Problem description
The task calls for the lines from the start of the entries below through the line with "Obrázek 7.6: Pohled", given again verbatim, with every picture dropped.

[Dataset excerpts]
------------------------------------------------
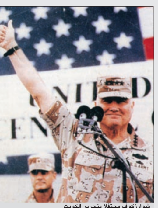
شوارزكوف محققاً بتحرير الكويت
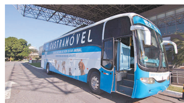
Serão disponibilizadas 270 vagas para as cirurgias gratuitas

Devido à pandemia do novo coronavírus, o horário de votação foi ampliado e ocorrerá das 7h às 17h. O horário entre 7h e 10h é preferencial para pessoas acima de 60 anos, por serem do grupo de risco para a Covid-19. A Guarda Municipal alerta, ainda, a população para o uso de máscara de proteção facial, evitar aglomerações e higienizar as mãos com álcool em gel antes e depois de votar.
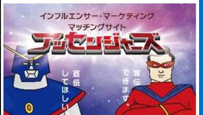
「アッセンジャーズ」サイトイメージ
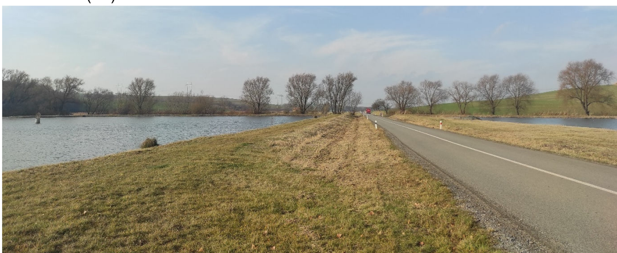
Obrázek 7.6: Pohled na krajinu s rybníky (Urbance) Šaratice – Kobeřice u Brna (IRI)
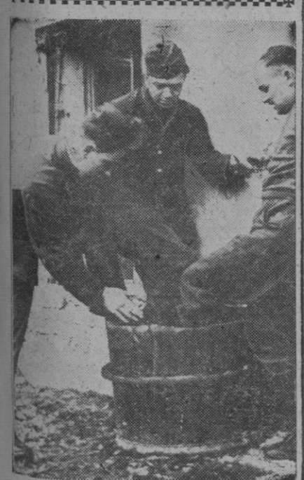
En el patio del cuartel, cuando las tropas se encuentran repletas de barro. Por cualquier motivo o circunstancia, para estos soldados parece más cómodo meterlas en un cubo de agua, que molestarse en quitárselas para su adecuada limpieza.
------------------------------------------------
Response to this exercise
شوارزكوف محققاً بتحرير الكويت
Serão disponibilizadas 270 vagas para as cirurgias gratuitas

Devido à pandemia do novo coronavírus, o horário de votação foi ampliado e ocorrerá das 7h às 17h. O horário entre 7h e 10h é preferencial para pessoas acima de 60 anos, por serem do grupo de risco para a Covid-19. A Guarda Municipal alerta, ainda, a população para o uso de máscara de proteção facial, evitar aglomerações e higienizar as mãos com álcool em gel antes e depois de votar.
「アッセンジャーズ」サイトイメージ
Obrázek 7.6: Pohled na krajinu s rybníky (Urbance) Šaratice – Kobeřice u Brna (IRI)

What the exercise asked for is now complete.